Haben Sie sich durch die Zeitenwende geändert? Ich glaube nicht, Schwerpunkte haben sich gegeneinander verschoben, aber Finanzierungs- und Rechtsrahmen zu definieren, die ein lebendiges Ehrenamt und eine resiliente Zivilgesellschaft in einer sich agil ändernden Welt ermöglichen, sind als Grundanforderungen gleichgeblieben.

Verlässlichere Förderung durch ein Demokratiefördergesetz

Als wichtigste übergeordnete Aufgabe sehe ich selbst eine verlässlichere Förderung, um den vielen Menschen im Ehrenamt eine gesicherte Basis zu geben bei ihrem Dienst für die Gesellschaft. So wollen wir durch ein Demokratiefördergesetz wichtige Projekte im Bereich der Demokratieförderung und Extremismusprävention dauerhafter und bedarfsorientierter fördern und der wichtigen zivilgesellschaftlichen Arbeit mehr Planungssicherheit geben. Dabei wird die Zivilgesellschaft von Anfang an an diesem Prozess beteiligt: Was gilt es zu berücksichtigen, was aber auch zu vermeiden? Welche Themen müssen abgebildet werden? Dies zeigt eine neue politische Handschrift, den Rahmen nicht für, sondern mit den Handelnden zu entwickeln, Partner statt Betroffener im Prozess zu sein. In der Diskussion zeigt sich bereits jetzt eine wichtige Frage: Ist eine starke lokale ehrenamtliche Struktur, die den Menschen Zugehörigkeit, Halt, Wertschätzung und Selbstwirksamkeit als Erfahrung ermöglicht vielleicht womöglich eine zentrale Säule der Extremismusprävention? Und kann dies in einem gemeinsamen Gesetz abgebildet werden? Wir sind am Anfang des Prozesses und mitten in der Diskussion – und das ist gut!

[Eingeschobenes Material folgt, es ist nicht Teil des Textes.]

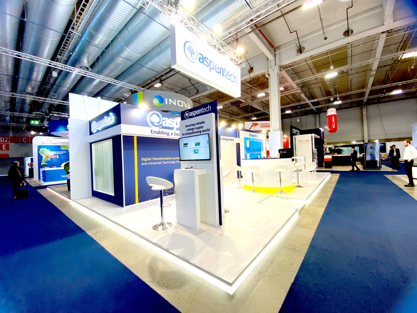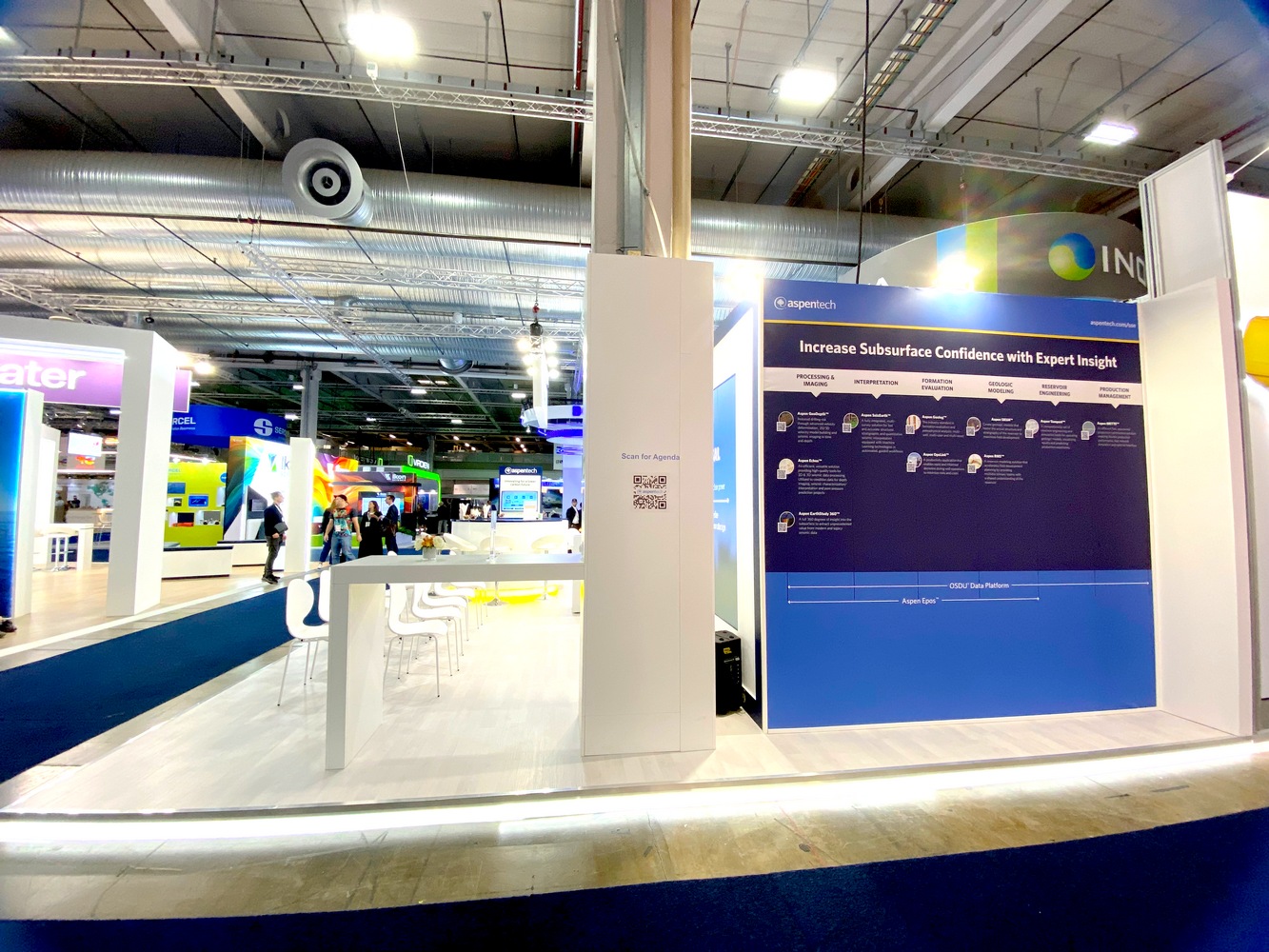 The FRESHEXPO team developed a design project and constructed a unique exhibition booth 84.00 sq. m for the ASPENTECH (a software development and services company for the manufacturing industry) at the EAGE Annual Conference & Exhibition 2024 held at the NOVA Spektrum (Exhibitions Center) in Oslo (Norway) on June 10 - 13.2024

Unsere Zivilgesellschaft ist stark, kreativ und schnell

Die freiwillige Hilfsbereitschaft der Menschen umfasst unzählige Bereiche. Nicht nur bei der Unterstützung von Flüchtlingen, der Verteilung von Spenden oder beim Natur- und Umweltschutz. Auch kann man eine Patenschaft übernehmen, bei der Lebensrettung helfen, als Volontär ins Ausland gehen oder auch Blut spenden. Überall ist ein eigener Beitrag zu einem lebendigen Zusammenhalt in der Gemeinschaft möglich, in der man sich gegenseitig unterstützt und niemanden allein lässt.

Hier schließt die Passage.